This week I had a lot of fresh heirloom tomatoes that I wasn’t sure what to do with, so I figured I would go with a simple preparation to highlight their wonderful fresh summery goodness. Along with fresh basil, this all came together wonderfully.
After you cook the pasta, make sure to reserve some of the cooking water! This is absolutely essential.
The butter added at the end is a great idea and adds a rich creaminess to the sauce, but I’m sure it would still be delicious with a bit more olive oil instead. If you have butter though, use it! I promise that it will be worth it.
If you have another kind of fresh tomatoes, use those. If you don’t have fresh tomatoes, use an equivalent amount of canned diced tomatoes, but make sure to drain them completely.
I adapted this recipe from one I found at the New York Times, which had way too high of an oil and pasta to vegetables ratio for my taste. The recipe also called for blanching, skinning, and removing the seeds from the tomatoes. I personally think this is a travesty, as the entire tomato is delicious and the seed pulp is especially thick and delicious. Needless to say, my tomatoes were unaltered for this recipe. If you don’t want skins in your sauce, remove those, but I advise keeping the seeds!
This recipe is: vegetarian, gluten free (with gf pasta)
- 10 oz uncooked linguine
- 2-4 cloves garlic, minced
- 2 lb fresh tomatoes, quartered (or equivalent amount canned diced tomatoes, drained completely)
- 3 tbsp olive oil
- salt and pepper to taste
- 1 pinch crushed red pepper
- 6 large basil leaves, chopped (about 1/4 cup)

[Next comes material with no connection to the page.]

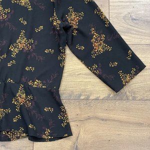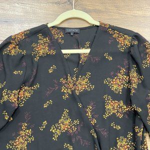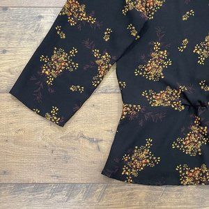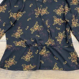1. STATE Top Womens L Wild Country Blooms Peplum Blouse Wrap Floral V-Neck Black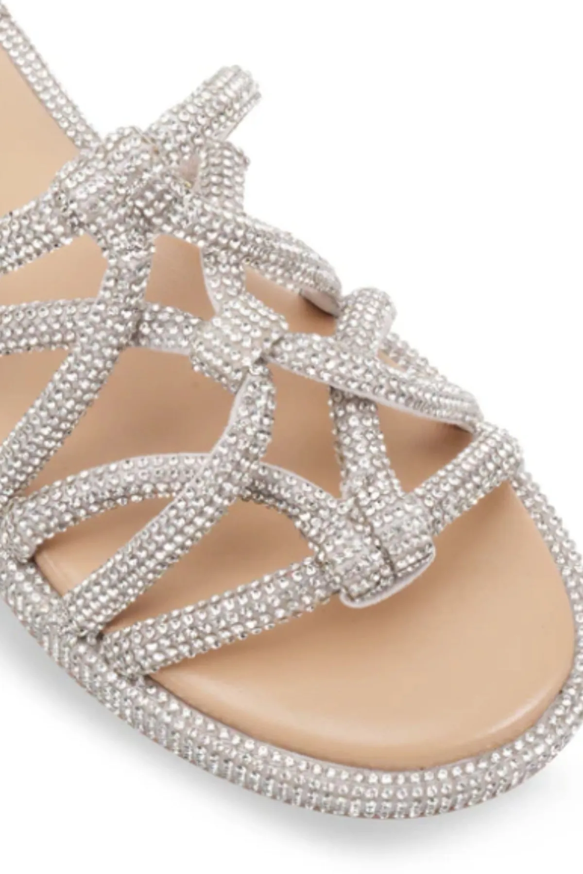 - Twisted upper straps encrusted with rhinestones

- 2 tbsp fresh parmesan, grated
- 1 tbsp butter
- Heat the olive oil in a large, deep skillet over medium-high heat until slightly smoking. Add the garlic and cook until fragrant, 30 seconds to a minute. Add the tomatoes, salt, pepper, and crushed red pepper. Keep in mind that the tomatoes will reduce and concentrate the salt, so it is better to start with a small amount (or no) salt and add more to taste later.
- Use a potato masher to chop the tomatoes into fine chunks until all of their liquid is released. Simmer for 20 minutes over medium heat.
- While the sauce is simmering, cook the linguine in salted water for half of the package’s directed cooking time. Drain, reserving some of the cooking water.
- Taste the sauce and adjust the seasoning as desired. Add the pasta to the sauce and cook over medium-high heat until all of the liquid is absorbed and the pasta is al dente. If the sauce is over-reduced, use the linguine cooking water to adjust.
- As soon as the pasta is in the al dente zone, remove the skillet from the heat. Add the butter, basil, and parmesan, and mix thoroughly. Taste again and add more salt/pepper if necessary. Serve immediately.